■ **Task data**:
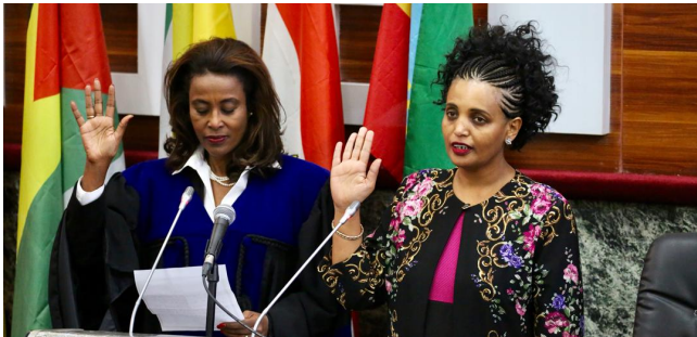
Birtukan Mideksa (right) is sworn in as chairperson of NEBE in November 2018

On the technical side, former opposition leader and outspoken critic, Birtukan Mideksa, now heading up the NEBE, following her appointment by Prime Minister Abiy Ahmed, commands the highest esteem from Ethiopian society and will be trusted to ensure that the election process is fully free and fair.
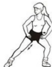
22. Adductor Stretch (keep foot pointing forward, lunge sideways on bent knee, keep back straight)
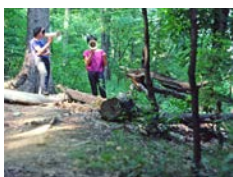
The Art Snobs comment for the last time
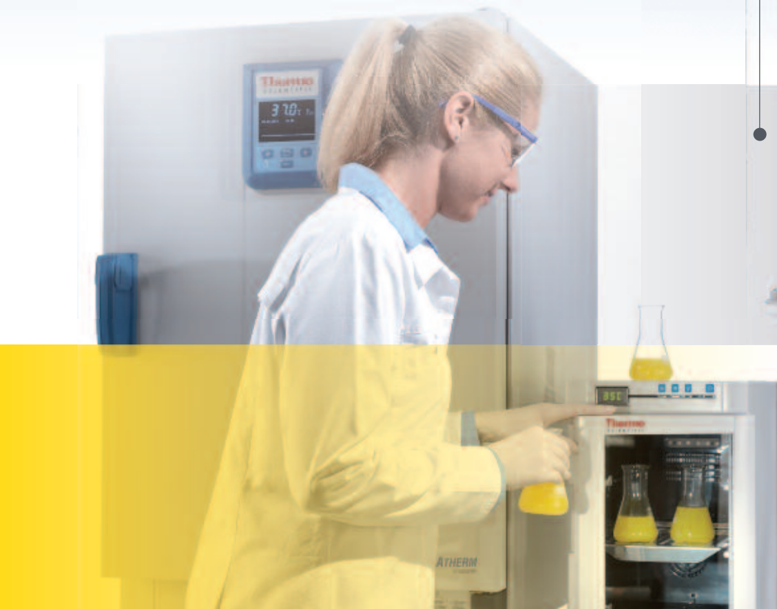
The perfect solution for personalized incubation
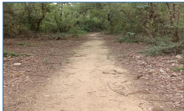
Greater Kailash Land Parcel

■ **What you have to do**:
Your answer must be the lines from the one containing "The perfect solution" through the last line of the listing above, restated word for word, with no pictures.

■ **Response to this exercise**:
The perfect solution for personalized incubation
Greater Kailash Land Parcel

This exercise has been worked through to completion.